— Source information —
○ ○ ○
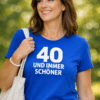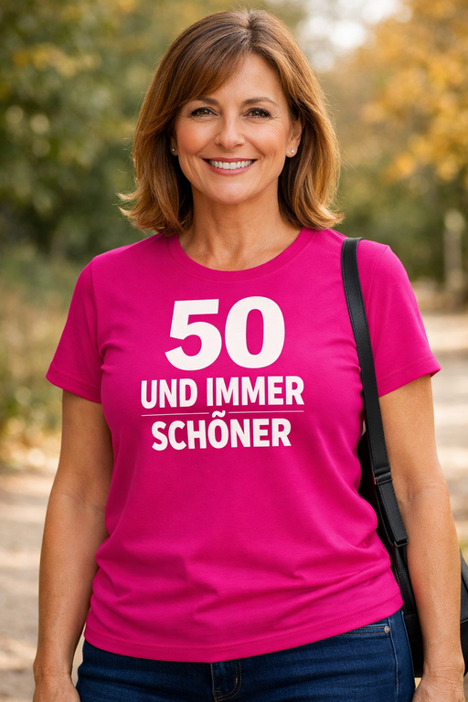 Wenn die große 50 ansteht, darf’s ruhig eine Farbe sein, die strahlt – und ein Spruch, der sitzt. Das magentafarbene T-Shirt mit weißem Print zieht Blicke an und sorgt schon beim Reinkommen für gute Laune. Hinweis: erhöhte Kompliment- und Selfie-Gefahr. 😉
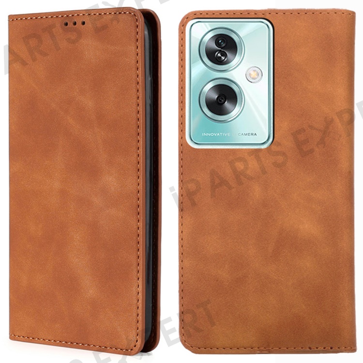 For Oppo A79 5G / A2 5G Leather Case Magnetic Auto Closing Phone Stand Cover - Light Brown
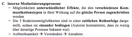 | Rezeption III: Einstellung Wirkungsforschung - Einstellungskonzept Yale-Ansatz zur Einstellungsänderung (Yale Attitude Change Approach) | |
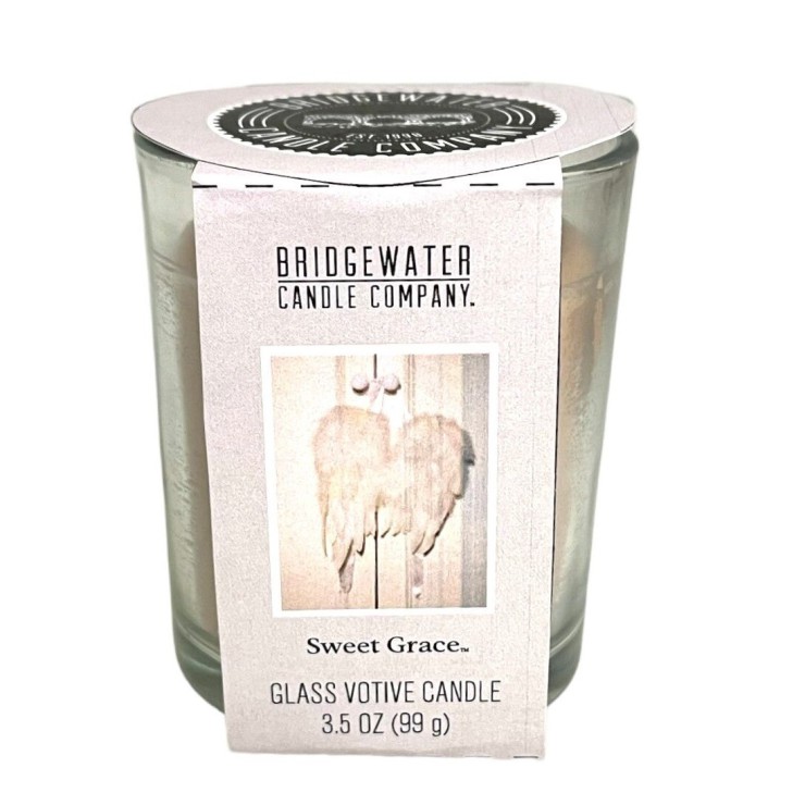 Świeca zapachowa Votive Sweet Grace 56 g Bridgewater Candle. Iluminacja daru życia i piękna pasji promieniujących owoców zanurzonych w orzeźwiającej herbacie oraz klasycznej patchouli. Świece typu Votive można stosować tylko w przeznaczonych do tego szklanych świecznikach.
○ ○ ○
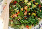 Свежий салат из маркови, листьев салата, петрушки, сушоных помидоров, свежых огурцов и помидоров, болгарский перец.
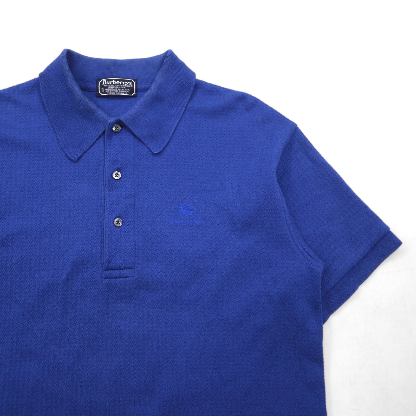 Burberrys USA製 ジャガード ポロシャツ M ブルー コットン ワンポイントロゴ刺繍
○ ○ ○
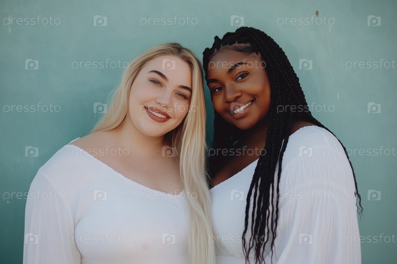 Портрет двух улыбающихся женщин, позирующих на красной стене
○ ○ ○
— Work instructions —
In the data above, retype only the stretch from the line with "Свежий салат из" through the line with "Burberrys USA製 ジャガード", word for word, and skip any pictures.

— Task solution —
 Свежий салат из маркови, листьев салата, петрушки, сушоных помидоров, свежых огурцов и помидоров, болгарский перец.
 Burberrys USA製 ジャガード ポロシャツ M ブルー コットン ワンポイントロゴ刺繍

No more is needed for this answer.